## Work instructions:
Keep the pictures out while you transcribe the listing below exactly.
(Beginning of Data extracts)
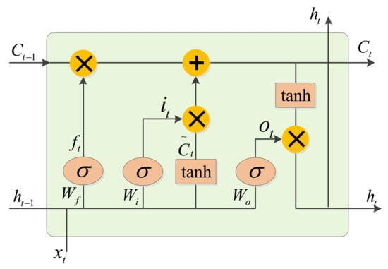 In Figure 5, t represents the current moment. The input feature sequence and the output sequence of the previous time are input to the memory cell. The forgetting factor is obtained via the forgetting gate and is expressed as follows:
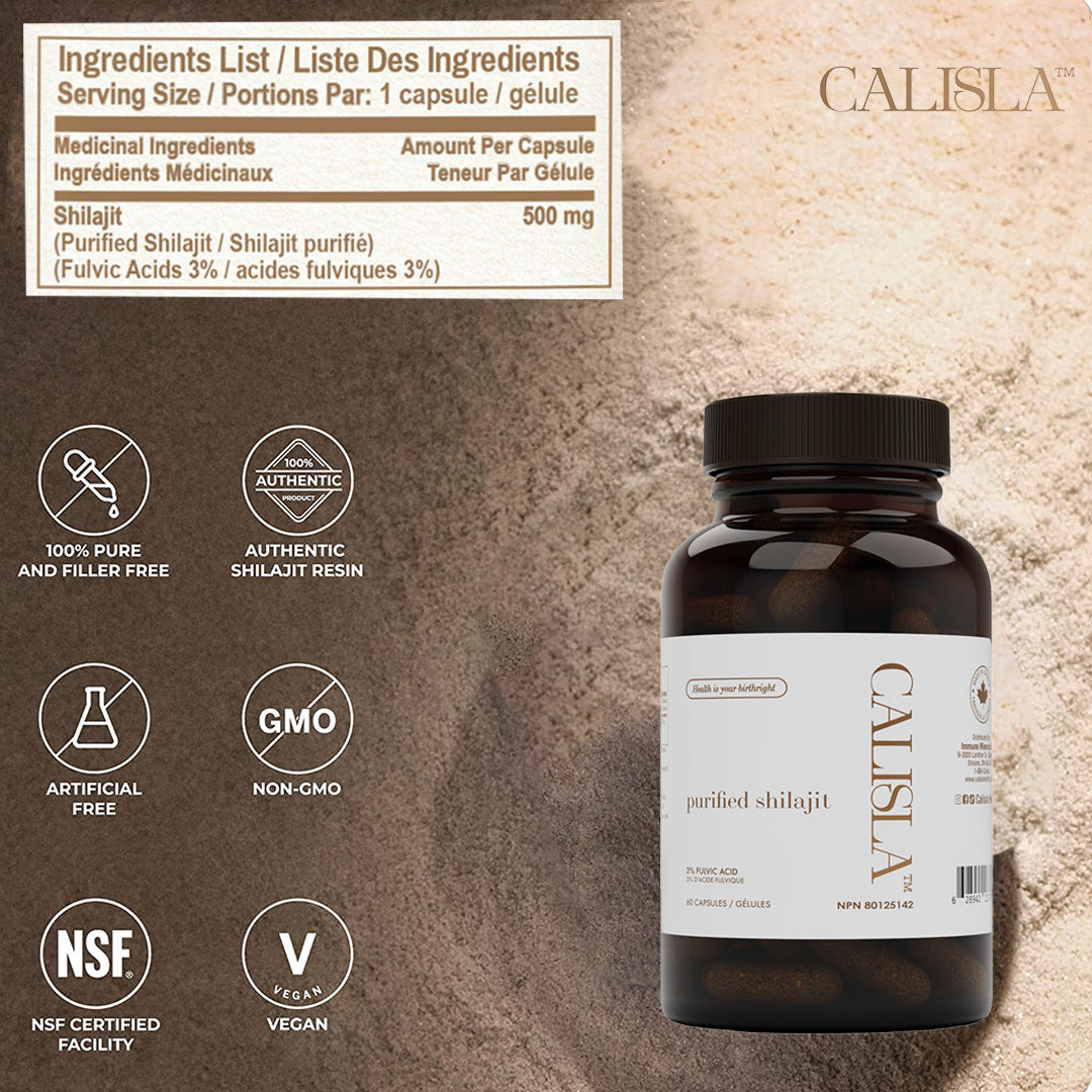 Each CALISLA™ Shilajit Capsule is rigorously tested by third-party labs to confirm its purity and high potency, containing 58% fulvic acid. For best results, we recommend daily usage as directed.
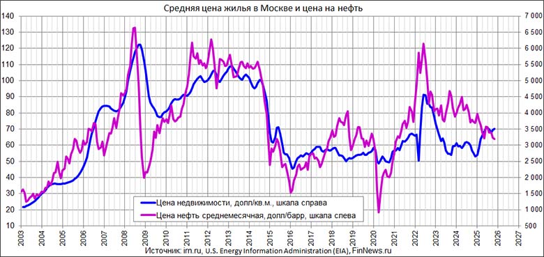 Средняя цена квадратного метра жилья в Москве и цена на нефть
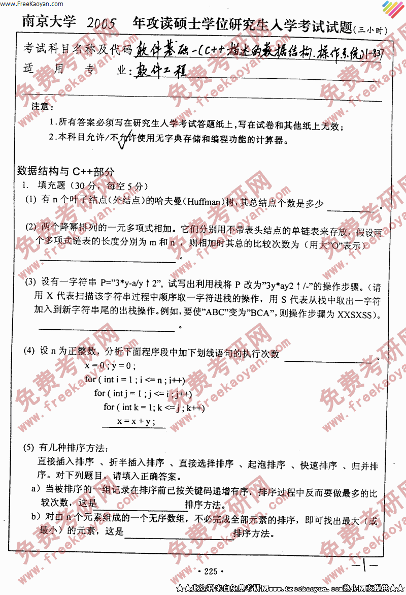 专业课考研经验 本站小编 FreeKaoyan 2018-01-22南京大学2005年考研真题-民商法学综合
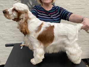 Elsa has been lightly shown due to immaturity and lots of coat to strip out. She has such an outgoing personality and fly's around the ring with attitude. A well balanced little girl with correct set ever wagging tail. She is a dream to show.
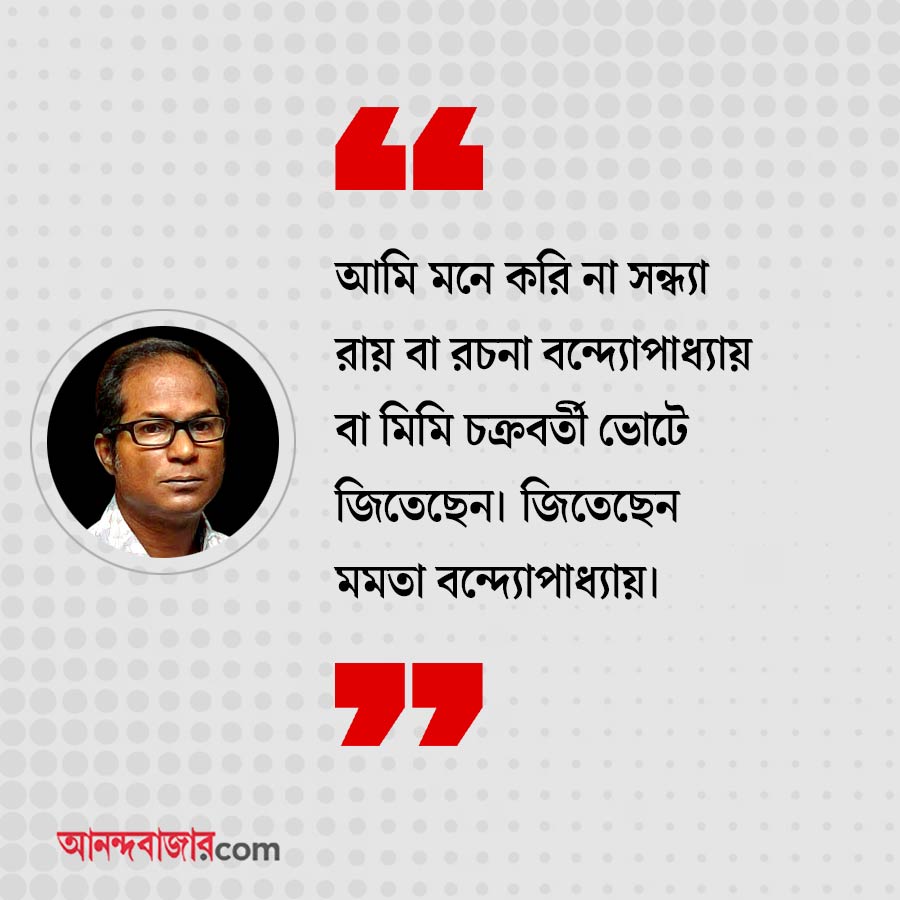 চন্দন: আমি মনে করি না সন্ধ্যা রায় বা রচনা বন্দ্যোপাধ্যায় বা মিমি চক্রবর্তী ভোটে জিতেছেন। জিতেছেন মমতা বন্দ্যোপাধ্যায়। ব্যাপারটা হচ্ছে, ওই সব আসনে দলীয় কোন্দল এমন একটা জায়গায় আছে যে কাউকে প্রার্থী না করে বাইরের একজনকে বসিয়ে দেওয়া হয়!
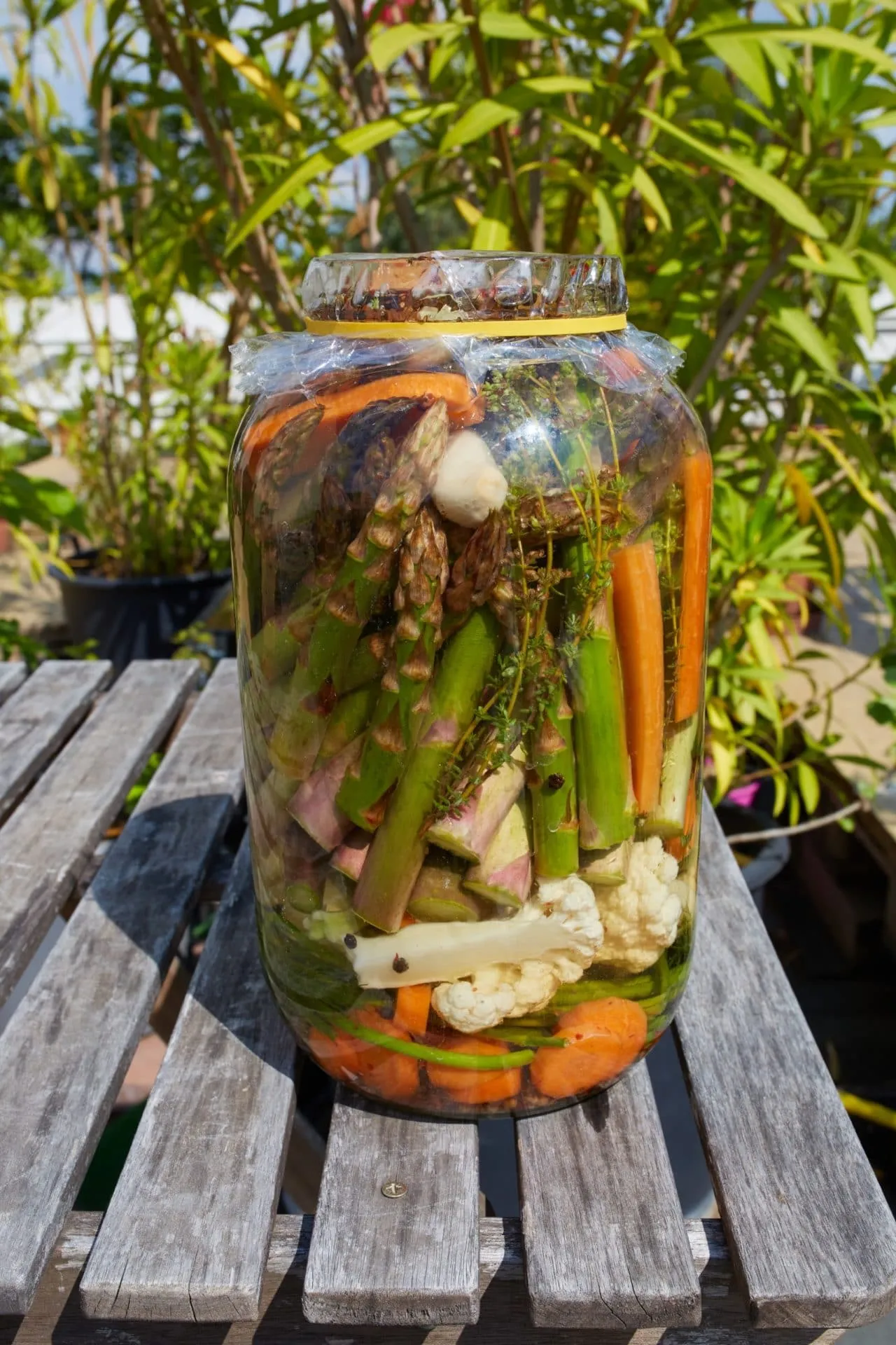 A burgonyát héjában megfőzzük, majd félretesszük kihűlni. A sárgarépát és a paszternákot tisztítás után felszeleteljük, a spárga fás részét eltávolítjuk – ebből még krémlevest is csinálhattok. A karfiolt és a brokkolit is kisebb darabokra vágjuk. Az üveg aljára teszünk egy csokor kaprot, az egész borsot, valamint a fokhagyma és a zöldségek felét. Erre mennek a spárgák, fejjel felfelé, ahol hely van.
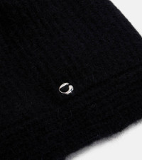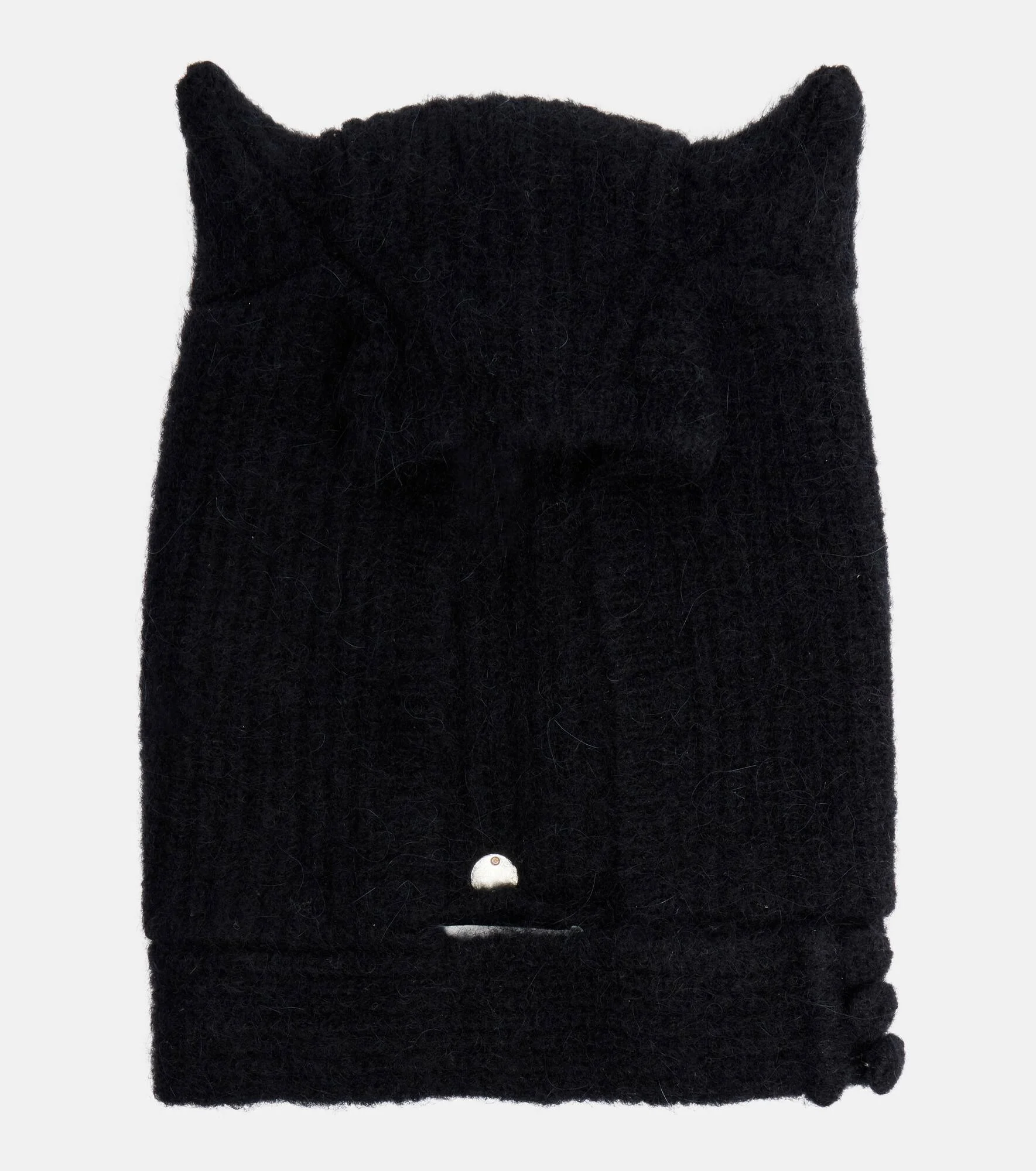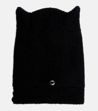 This beanie from Coperni is ribbed-knit from a warm alpaca and wool blend. This statement accessory features two pointed signature horns and a subtle silver-toned logo for a refined touch. Product Details - Material: 32% alpaca wool, 32% wool, 30% polyamide, 6% elastane - Care instructions: dry clean - Made in China - Designer color name: Black Blk - Item color: black - Hardware color: silver - Item number: P01052404 Size & Fit - Width 21cm-8.5"
(End of Data extracts)
## Solution below:
 In Figure 5, t represents the current moment. The input feature sequence and the output sequence of the previous time are input to the memory cell. The forgetting factor is obtained via the forgetting gate and is expressed as follows:
 Each CALISLA™ Shilajit Capsule is rigorously tested by third-party labs to confirm its purity and high potency, containing 58% fulvic acid. For best results, we recommend daily usage as directed.
 Средняя цена квадратного метра жилья в Москве и цена на нефть
 专业课考研经验 本站小编 FreeKaoyan 2018-01-22南京大学2005年考研真题-民商法学综合
 Elsa has been lightly shown due to immaturity and lots of coat to strip out. She has such an outgoing personality and fly's around the ring with attitude. A well balanced little girl with correct set ever wagging tail. She is a dream to show.
 চন্দন: আমি মনে করি না সন্ধ্যা রায় বা রচনা বন্দ্যোপাধ্যায় বা মিমি চক্রবর্তী ভোটে জিতেছেন। জিতেছেন মমতা বন্দ্যোপাধ্যায়। ব্যাপারটা হচ্ছে, ওই সব আসনে দলীয় কোন্দল এমন একটা জায়গায় আছে যে কাউকে প্রার্থী না করে বাইরের একজনকে বসিয়ে দেওয়া হয়!
 A burgonyát héjában megfőzzük, majd félretesszük kihűlni. A sárgarépát és a paszternákot tisztítás után felszeleteljük, a spárga fás részét eltávolítjuk – ebből még krémlevest is csinálhattok. A karfiolt és a brokkolit is kisebb darabokra vágjuk. Az üveg aljára teszünk egy csokor kaprot, az egész borsot, valamint a fokhagyma és a zöldségek felét. Erre mennek a spárgák, fejjel felfelé, ahol hely van.
 This beanie from Coperni is ribbed-knit from a warm alpaca and wool blend. This statement accessory features two pointed signature horns and a subtle silver-toned logo for a refined touch. Product Details - Material: 32% alpaca wool, 32% wool, 30% polyamide, 6% elastane - Care instructions: dry clean - Made in China - Designer color name: Black Blk - Item color: black - Hardware color: silver - Item number: P01052404 Size & Fit - Width 21cm-8.5"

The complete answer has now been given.